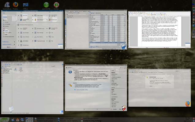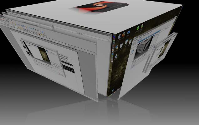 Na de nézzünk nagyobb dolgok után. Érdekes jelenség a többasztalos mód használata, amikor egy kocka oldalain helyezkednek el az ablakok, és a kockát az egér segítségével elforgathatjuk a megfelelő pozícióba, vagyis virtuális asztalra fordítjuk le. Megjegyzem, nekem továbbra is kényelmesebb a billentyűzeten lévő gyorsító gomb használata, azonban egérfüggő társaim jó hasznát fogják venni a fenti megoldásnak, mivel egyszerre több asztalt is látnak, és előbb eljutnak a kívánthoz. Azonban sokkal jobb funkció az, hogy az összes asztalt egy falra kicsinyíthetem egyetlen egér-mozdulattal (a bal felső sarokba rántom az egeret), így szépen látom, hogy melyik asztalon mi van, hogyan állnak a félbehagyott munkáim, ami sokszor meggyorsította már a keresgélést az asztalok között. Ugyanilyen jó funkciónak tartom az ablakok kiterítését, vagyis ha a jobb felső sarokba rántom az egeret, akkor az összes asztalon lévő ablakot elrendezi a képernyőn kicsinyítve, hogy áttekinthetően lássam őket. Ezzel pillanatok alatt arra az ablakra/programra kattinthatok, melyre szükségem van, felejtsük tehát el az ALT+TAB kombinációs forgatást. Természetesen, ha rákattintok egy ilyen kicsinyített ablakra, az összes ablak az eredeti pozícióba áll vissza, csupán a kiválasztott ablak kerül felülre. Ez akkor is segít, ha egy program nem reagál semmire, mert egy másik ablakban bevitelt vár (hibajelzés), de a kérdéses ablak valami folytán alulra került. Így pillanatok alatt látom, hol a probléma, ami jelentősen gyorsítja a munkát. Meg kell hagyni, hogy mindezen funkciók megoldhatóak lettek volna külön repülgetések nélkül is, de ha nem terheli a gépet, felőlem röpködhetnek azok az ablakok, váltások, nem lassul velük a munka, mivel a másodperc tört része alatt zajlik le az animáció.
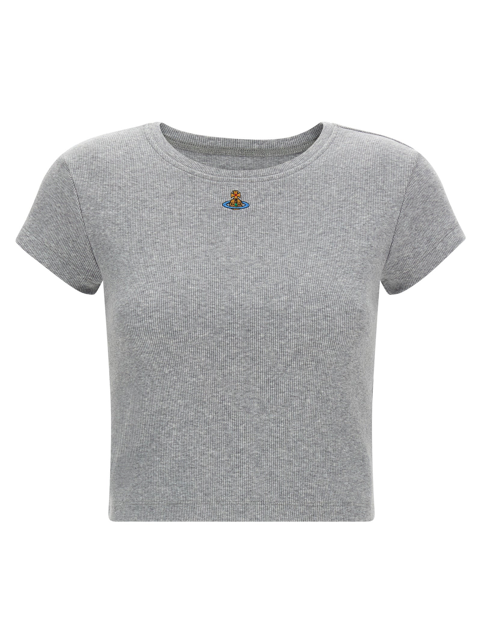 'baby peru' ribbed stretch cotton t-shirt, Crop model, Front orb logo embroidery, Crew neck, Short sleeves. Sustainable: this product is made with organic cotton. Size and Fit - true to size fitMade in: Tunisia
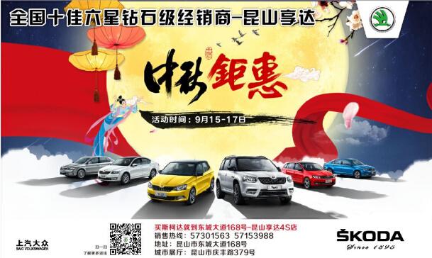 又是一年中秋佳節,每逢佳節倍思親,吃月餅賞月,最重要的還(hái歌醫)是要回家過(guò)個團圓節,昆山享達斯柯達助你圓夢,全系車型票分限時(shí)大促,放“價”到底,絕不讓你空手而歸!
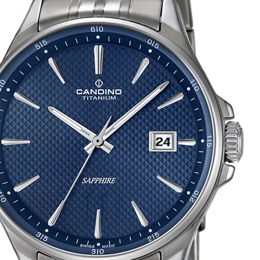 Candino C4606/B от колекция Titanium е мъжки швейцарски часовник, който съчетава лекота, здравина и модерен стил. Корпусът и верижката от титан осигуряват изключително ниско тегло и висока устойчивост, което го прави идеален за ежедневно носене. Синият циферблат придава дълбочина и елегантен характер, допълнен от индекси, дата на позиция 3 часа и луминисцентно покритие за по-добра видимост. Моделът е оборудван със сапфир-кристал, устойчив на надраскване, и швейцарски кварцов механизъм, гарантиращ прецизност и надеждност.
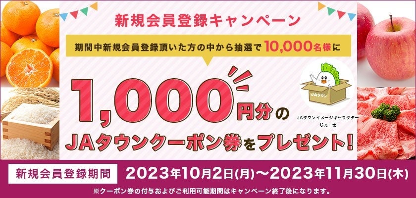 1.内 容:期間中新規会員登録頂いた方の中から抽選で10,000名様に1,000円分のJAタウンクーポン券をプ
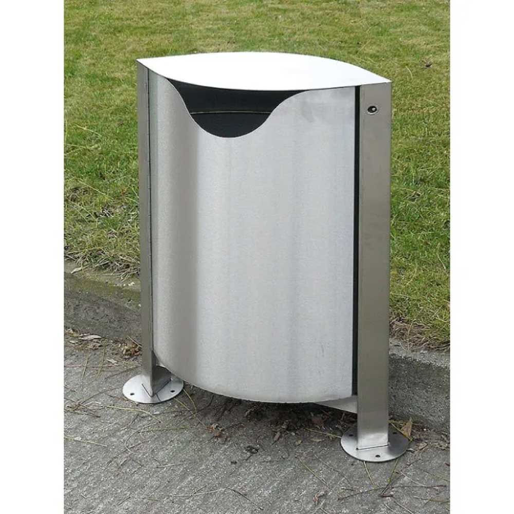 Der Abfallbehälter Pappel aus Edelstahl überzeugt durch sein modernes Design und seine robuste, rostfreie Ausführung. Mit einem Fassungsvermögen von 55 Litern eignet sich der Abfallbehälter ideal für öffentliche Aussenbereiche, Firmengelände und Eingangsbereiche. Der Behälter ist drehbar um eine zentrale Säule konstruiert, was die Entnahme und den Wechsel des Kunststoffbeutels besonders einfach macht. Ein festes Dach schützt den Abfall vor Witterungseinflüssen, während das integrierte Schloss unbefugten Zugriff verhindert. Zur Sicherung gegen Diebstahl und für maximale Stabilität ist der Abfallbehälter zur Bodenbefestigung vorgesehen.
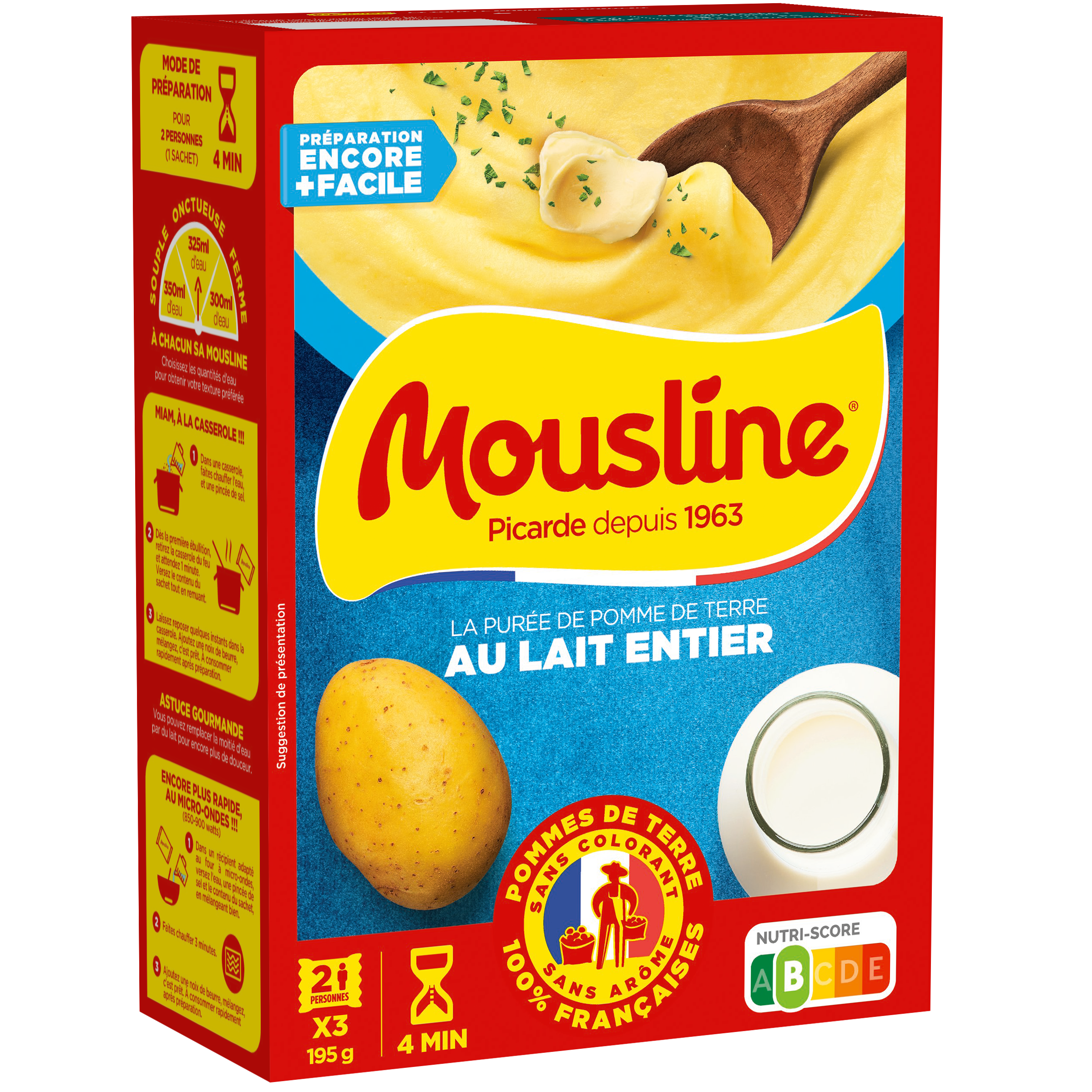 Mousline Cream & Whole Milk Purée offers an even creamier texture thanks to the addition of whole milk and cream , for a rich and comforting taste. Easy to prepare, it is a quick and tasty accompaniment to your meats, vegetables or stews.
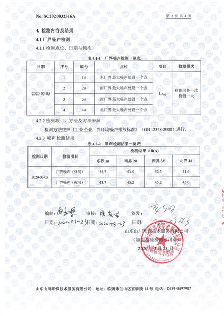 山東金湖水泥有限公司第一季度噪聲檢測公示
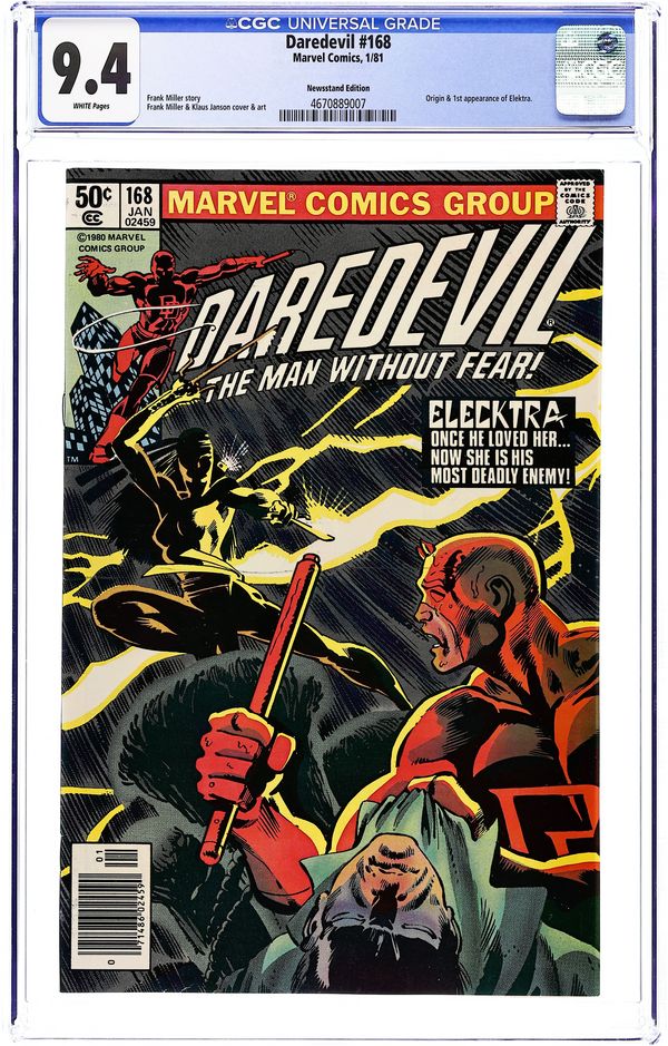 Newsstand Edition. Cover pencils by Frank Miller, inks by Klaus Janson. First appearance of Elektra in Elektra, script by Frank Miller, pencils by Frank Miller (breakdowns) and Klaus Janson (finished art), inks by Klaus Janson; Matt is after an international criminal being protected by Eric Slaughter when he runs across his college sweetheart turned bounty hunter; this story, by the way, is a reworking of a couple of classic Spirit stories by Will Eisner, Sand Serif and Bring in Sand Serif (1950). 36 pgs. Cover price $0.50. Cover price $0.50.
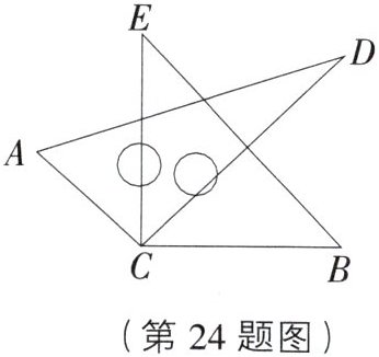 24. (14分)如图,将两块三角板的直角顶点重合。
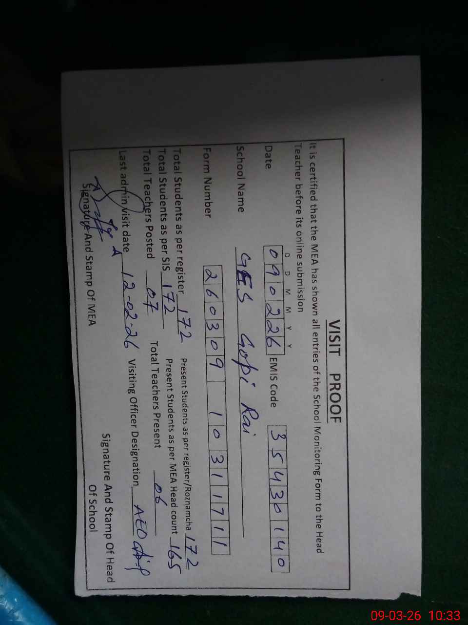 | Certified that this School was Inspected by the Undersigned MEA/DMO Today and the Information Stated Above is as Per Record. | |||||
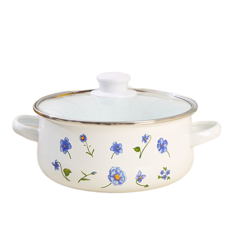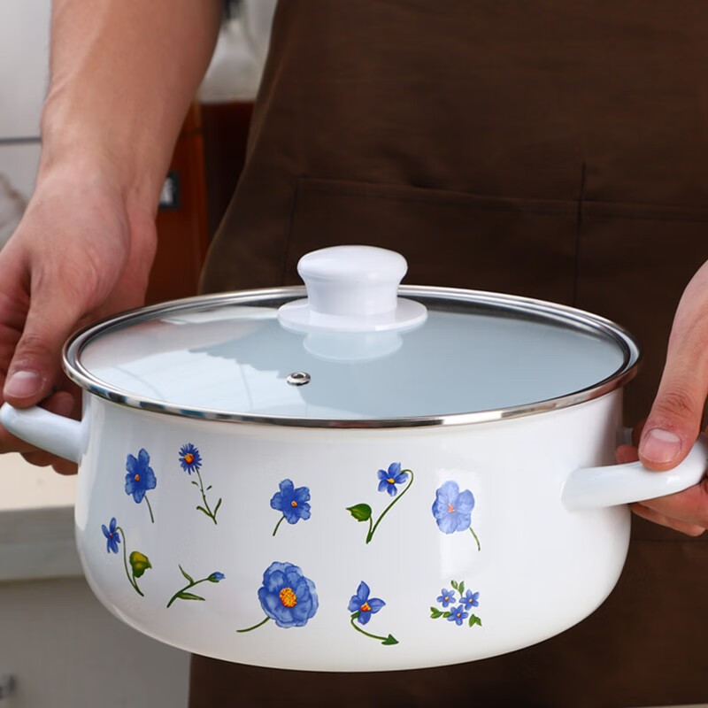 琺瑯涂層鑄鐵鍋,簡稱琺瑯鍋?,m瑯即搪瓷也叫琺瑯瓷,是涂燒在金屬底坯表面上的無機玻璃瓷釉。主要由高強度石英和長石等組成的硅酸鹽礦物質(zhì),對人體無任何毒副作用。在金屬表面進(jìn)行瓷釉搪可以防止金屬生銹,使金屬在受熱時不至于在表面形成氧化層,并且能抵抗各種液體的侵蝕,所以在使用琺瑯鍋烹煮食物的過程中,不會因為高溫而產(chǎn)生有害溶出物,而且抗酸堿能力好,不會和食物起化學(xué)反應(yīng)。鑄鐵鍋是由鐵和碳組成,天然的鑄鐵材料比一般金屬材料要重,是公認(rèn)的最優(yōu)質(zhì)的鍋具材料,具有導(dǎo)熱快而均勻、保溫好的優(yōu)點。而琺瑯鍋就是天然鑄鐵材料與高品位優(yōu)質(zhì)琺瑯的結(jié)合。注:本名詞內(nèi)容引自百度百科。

------------------------------

PROMPT:
Without changing a word, retype every entry above, but drop its pictures.

RESULT OF THE TASK:
 Na de nézzünk nagyobb dolgok után. Érdekes jelenség a többasztalos mód használata, amikor egy kocka oldalain helyezkednek el az ablakok, és a kockát az egér segítségével elforgathatjuk a megfelelő pozícióba, vagyis virtuális asztalra fordítjuk le. Megjegyzem, nekem továbbra is kényelmesebb a billentyűzeten lévő gyorsító gomb használata, azonban egérfüggő társaim jó hasznát fogják venni a fenti megoldásnak, mivel egyszerre több asztalt is látnak, és előbb eljutnak a kívánthoz. Azonban sokkal jobb funkció az, hogy az összes asztalt egy falra kicsinyíthetem egyetlen egér-mozdulattal (a bal felső sarokba rántom az egeret), így szépen látom, hogy melyik asztalon mi van, hogyan állnak a félbehagyott munkáim, ami sokszor meggyorsította már a keresgélést az asztalok között. Ugyanilyen jó funkciónak tartom az ablakok kiterítését, vagyis ha a jobb felső sarokba rántom az egeret, akkor az összes asztalon lévő ablakot elrendezi a képernyőn kicsinyítve, hogy áttekinthetően lássam őket. Ezzel pillanatok alatt arra az ablakra/programra kattinthatok, melyre szükségem van, felejtsük tehát el az ALT+TAB kombinációs forgatást. Természetesen, ha rákattintok egy ilyen kicsinyített ablakra, az összes ablak az eredeti pozícióba áll vissza, csupán a kiválasztott ablak kerül felülre. Ez akkor is segít, ha egy program nem reagál semmire, mert egy másik ablakban bevitelt vár (hibajelzés), de a kérdéses ablak valami folytán alulra került. Így pillanatok alatt látom, hol a probléma, ami jelentősen gyorsítja a munkát. Meg kell hagyni, hogy mindezen funkciók megoldhatóak lettek volna külön repülgetések nélkül is, de ha nem terheli a gépet, felőlem röpködhetnek azok az ablakok, váltások, nem lassul velük a munka, mivel a másodperc tört része alatt zajlik le az animáció.
 'baby peru' ribbed stretch cotton t-shirt, Crop model, Front orb logo embroidery, Crew neck, Short sleeves. Sustainable: this product is made with organic cotton. Size and Fit - true to size fitMade in: Tunisia
 又是一年中秋佳節,每逢佳節倍思親,吃月餅賞月,最重要的還(hái歌醫)是要回家過(guò)個團圓節,昆山享達斯柯達助你圓夢,全系車型票分限時(shí)大促,放“價”到底,絕不讓你空手而歸!
 Candino C4606/B от колекция Titanium е мъжки швейцарски часовник, който съчетава лекота, здравина и модерен стил. Корпусът и верижката от титан осигуряват изключително ниско тегло и висока устойчивост, което го прави идеален за ежедневно носене. Синият циферблат придава дълбочина и елегантен характер, допълнен от индекси, дата на позиция 3 часа и луминисцентно покритие за по-добра видимост. Моделът е оборудван със сапфир-кристал, устойчив на надраскване, и швейцарски кварцов механизъм, гарантиращ прецизност и надеждност.
 1.内 容:期間中新規会員登録頂いた方の中から抽選で10,000名様に1,000円分のJAタウンクーポン券をプ
 Der Abfallbehälter Pappel aus Edelstahl überzeugt durch sein modernes Design und seine robuste, rostfreie Ausführung. Mit einem Fassungsvermögen von 55 Litern eignet sich der Abfallbehälter ideal für öffentliche Aussenbereiche, Firmengelände und Eingangsbereiche. Der Behälter ist drehbar um eine zentrale Säule konstruiert, was die Entnahme und den Wechsel des Kunststoffbeutels besonders einfach macht. Ein festes Dach schützt den Abfall vor Witterungseinflüssen, während das integrierte Schloss unbefugten Zugriff verhindert. Zur Sicherung gegen Diebstahl und für maximale Stabilität ist der Abfallbehälter zur Bodenbefestigung vorgesehen.
 Mousline Cream & Whole Milk Purée offers an even creamier texture thanks to the addition of whole milk and cream , for a rich and comforting taste. Easy to prepare, it is a quick and tasty accompaniment to your meats, vegetables or stews.
 山東金湖水泥有限公司第一季度噪聲檢測公示
 Newsstand Edition. Cover pencils by Frank Miller, inks by Klaus Janson. First appearance of Elektra in Elektra, script by Frank Miller, pencils by Frank Miller (breakdowns) and Klaus Janson (finished art), inks by Klaus Janson; Matt is after an international criminal being protected by Eric Slaughter when he runs across his college sweetheart turned bounty hunter; this story, by the way, is a reworking of a couple of classic Spirit stories by Will Eisner, Sand Serif and Bring in Sand Serif (1950). 36 pgs. Cover price $0.50. Cover price $0.50.
 24. (14分)如图,将两块三角板的直角顶点重合。
 | Certified that this School was Inspected by the Undersigned MEA/DMO Today and the Information Stated Above is as Per Record. | |||||
 琺瑯涂層鑄鐵鍋,簡稱琺瑯鍋?,m瑯即搪瓷也叫琺瑯瓷,是涂燒在金屬底坯表面上的無機玻璃瓷釉。主要由高強度石英和長石等組成的硅酸鹽礦物質(zhì),對人體無任何毒副作用。在金屬表面進(jìn)行瓷釉搪可以防止金屬生銹,使金屬在受熱時不至于在表面形成氧化層,并且能抵抗各種液體的侵蝕,所以在使用琺瑯鍋烹煮食物的過程中,不會因為高溫而產(chǎn)生有害溶出物,而且抗酸堿能力好,不會和食物起化學(xué)反應(yīng)。鑄鐵鍋是由鐵和碳組成,天然的鑄鐵材料比一般金屬材料要重,是公認(rèn)的最優(yōu)質(zhì)的鍋具材料,具有導(dǎo)熱快而均勻、保溫好的優(yōu)點。而琺瑯鍋就是天然鑄鐵材料與高品位優(yōu)質(zhì)琺瑯的結(jié)合。注:本名詞內(nèi)容引自百度百科。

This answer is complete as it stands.